After they left, Timon rummaged in the bin liners for something to eat, discovering a foil tray and a glass bottle. Before he could eat his find, Apemantus arrived, and they had a shortened version of their conversation. Apemantus offered Timon some food, but he turned it down and Apemantus left, full of scorn for Timon’s extreme change of attitude. The thieves also paid Timon a visit and gave him a beating as well. He gave them the second money box and plenty of curses to go with the contents.
Flavia was the next to arrive, and she offered Timon what money she had, plus her service as his steward. She gave him a napkin to clean his bloody nose, but he still sent her away. He then took a little break himself, which gave an opportunity for the painter and the poet to have a chat with each other when they walked on stage. They were eager to find out whether Timon had indeed found more riches, and he took the opportunity to insult them mercilessly. He did offer them food – the remains he’d picked out of the bin bag, which they were too cowardly and greedy to refuse.

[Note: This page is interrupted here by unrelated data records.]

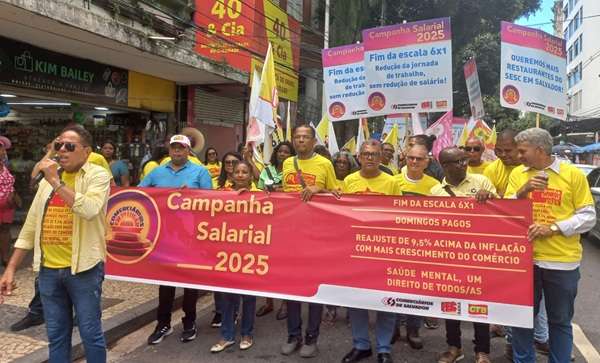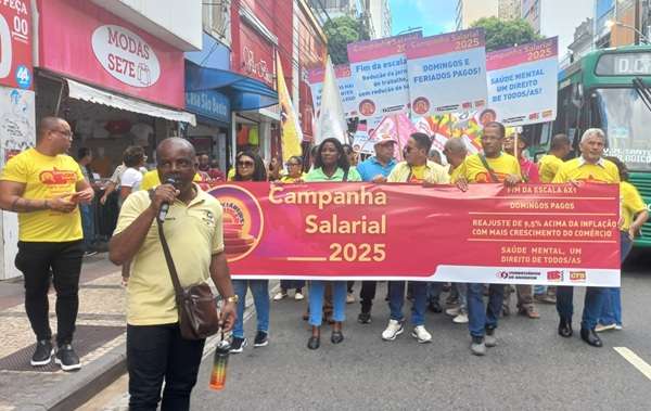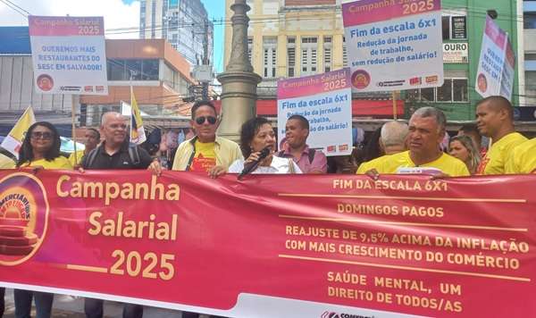 Com uma caminhada no palco das lutas políticas na cidade, o Sindicato dos Comerciários de Salvador lançou sua Campanha Salarial 2025. Um carro de som, dirigentes e ativistas percorreram, nesta sexta-feira (31), a Avenida Sete chamando a atenção da categoria e da população para as principais reivindicações deste ano: fim da Escala 6×1, cuidados com a saúde mental, domingos pagos e reajuste acima da inflação.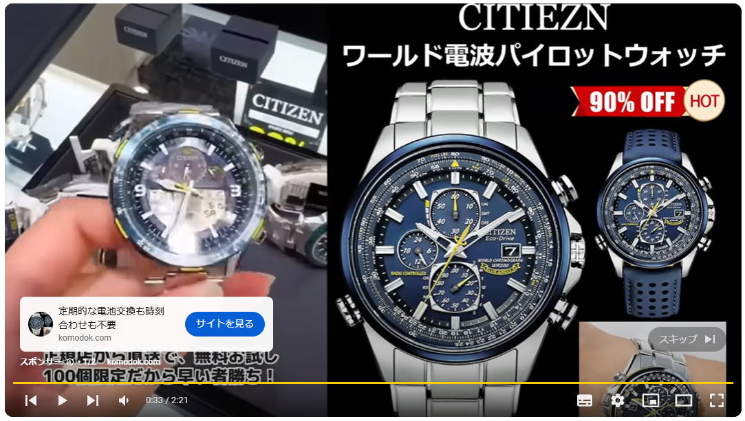 YouTubeのとある広告でタイトルのごとく言っているように聞こえる。が、商品のWebサイトには「ロレックスの時計」だとは一言も書いてない。広告内でアナウンスしている文言は次のよう。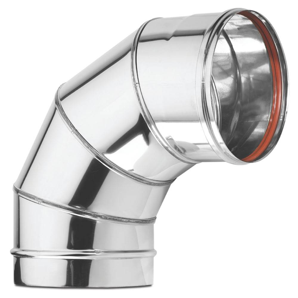 Savuputken kulma, jonka materiaali 0,6mm AISI 304 -teräs. CE -merkitty. Kulma 90 -astetta, halkaisija 120mm.

The final visitors were the senators of Athens, attempting to persuade Timon to return with them and help prevent Alcibiades’ attack on the city. Timon scorned them also, and left the stage for the last time. The closing scene was back in the city, with a long table and Alcibiades and two senators sitting behind it, giving a news conference. Some of Alcibiades’ lines were used to provide a speech for him, and then a soldier brought the news of Timon’s death. Alcibiades’ final lines closed the play, and there was strong applause from everyone, with some standing amongst the audience that I could see.

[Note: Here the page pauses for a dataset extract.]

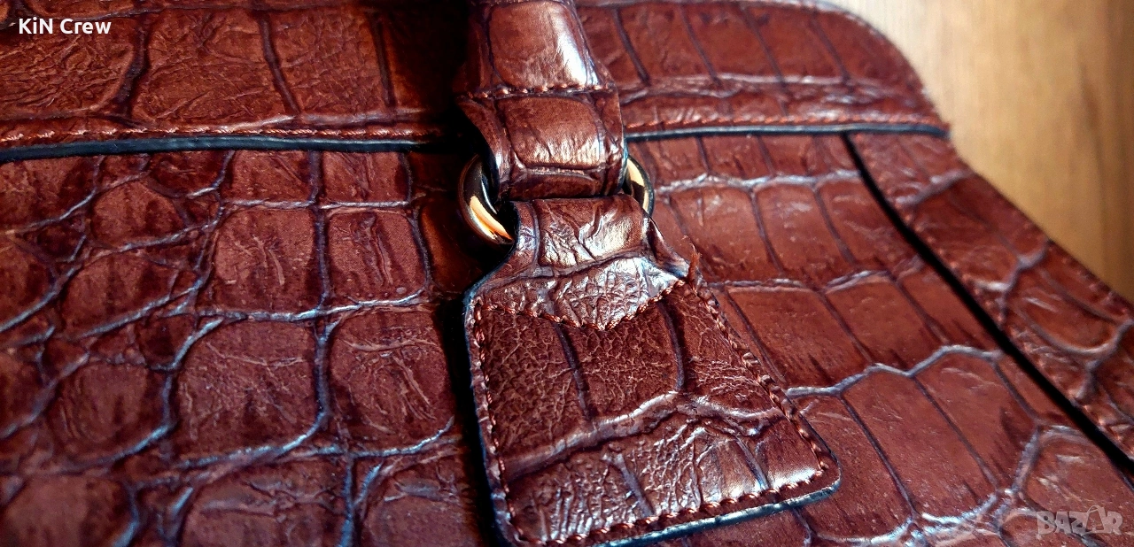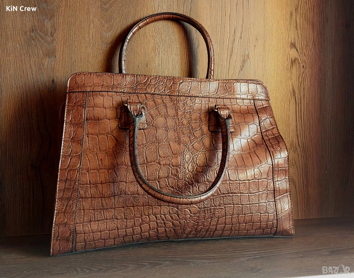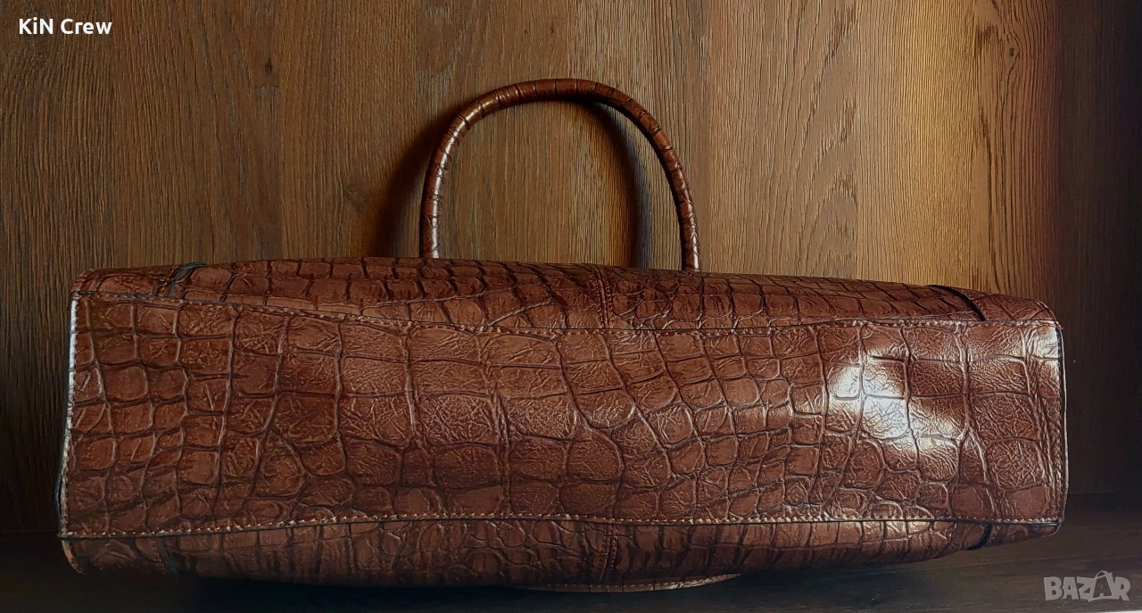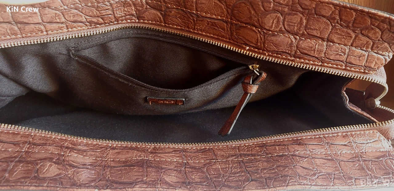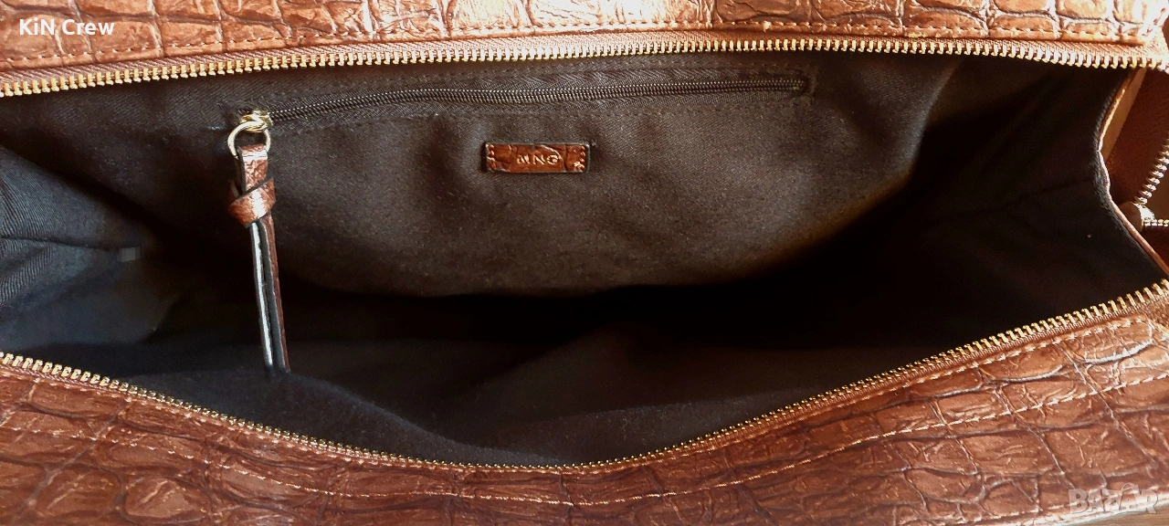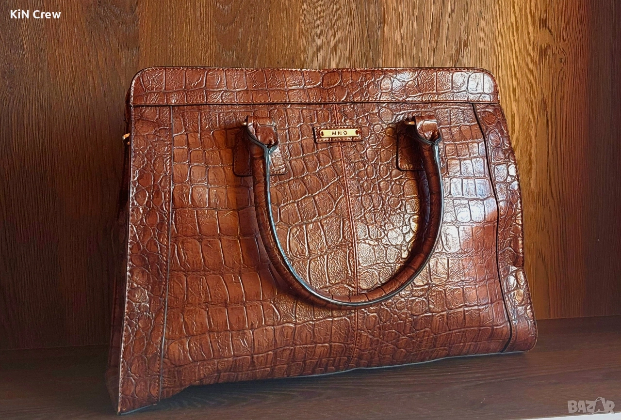 Елегантна дамска чанта MNG (Mango) в кафяв цвят с релефна текстура тип крокодил. Чантата е много стилна и практична – подходяща както за ежедневие, така и за по-официална визия или работа. Побира документи, лаптоп или лични вещи без проблем. Изработена от качествен материал с твърда структура, която запазва формата си. Дръжките са стабилни и удобни за носене. Състоянието е много добро, без следи от употреба отвътре, както и отвън. Възможно е лично предаване в София!

I liked a lot about this production, with its contemporary take on this difficult play. The performances were all superb and there was strength in depth, as there always is at the National. Deborah Findlay was good as the female steward Flavia, Hilton Macrae did a good job as Apemantus and Paul Bentall, as mentioned before, was magnificent as Lucullus the miser. Simon Russell Beale was an excellent Timon, with his tremendous ability to deliver the lines with clarity and meaning. His attitude towards money was well defined, showing us someone who has never had to check the balance in his account before splashing out on some extravagance or other, but who was also very dependent on others and his own wealth for his self-esteem. I could understand why his servants cared about him and also why he was so easily duped into giving his money away. The change into angry Timon was also good, although the dialogue does go a bit downhill from then on.

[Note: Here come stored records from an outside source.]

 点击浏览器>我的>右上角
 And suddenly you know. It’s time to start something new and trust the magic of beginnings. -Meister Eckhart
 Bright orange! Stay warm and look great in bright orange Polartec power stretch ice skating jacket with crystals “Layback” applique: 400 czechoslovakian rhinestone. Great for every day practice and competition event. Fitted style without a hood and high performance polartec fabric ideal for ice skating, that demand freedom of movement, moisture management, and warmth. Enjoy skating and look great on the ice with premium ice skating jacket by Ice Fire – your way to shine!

Apart from the severe cuts to Alcibiades’ part, which I felt unbalanced the play a little, I was aware of one potential downside to such a detailed staging; when Timon discovered the gold hidden under the grating, my first thought was that the criminal gang which hid it there would probably want it back before long, and Timon would be well advised to leave it where it lay. Keeping the setting vague and forest-like doesn’t create that problem, but with so much emphasis on present day ‘reality’ it was an inevitable consequence. Not a major problem, of course, but I still found it a distraction from the flow of the story. I have seen productions I’ve preferred to this one, but it was still a good offering, and nice to see this less popular play being staged in the Olivier and getting both full houses and rave reviews! Wonders will never cease.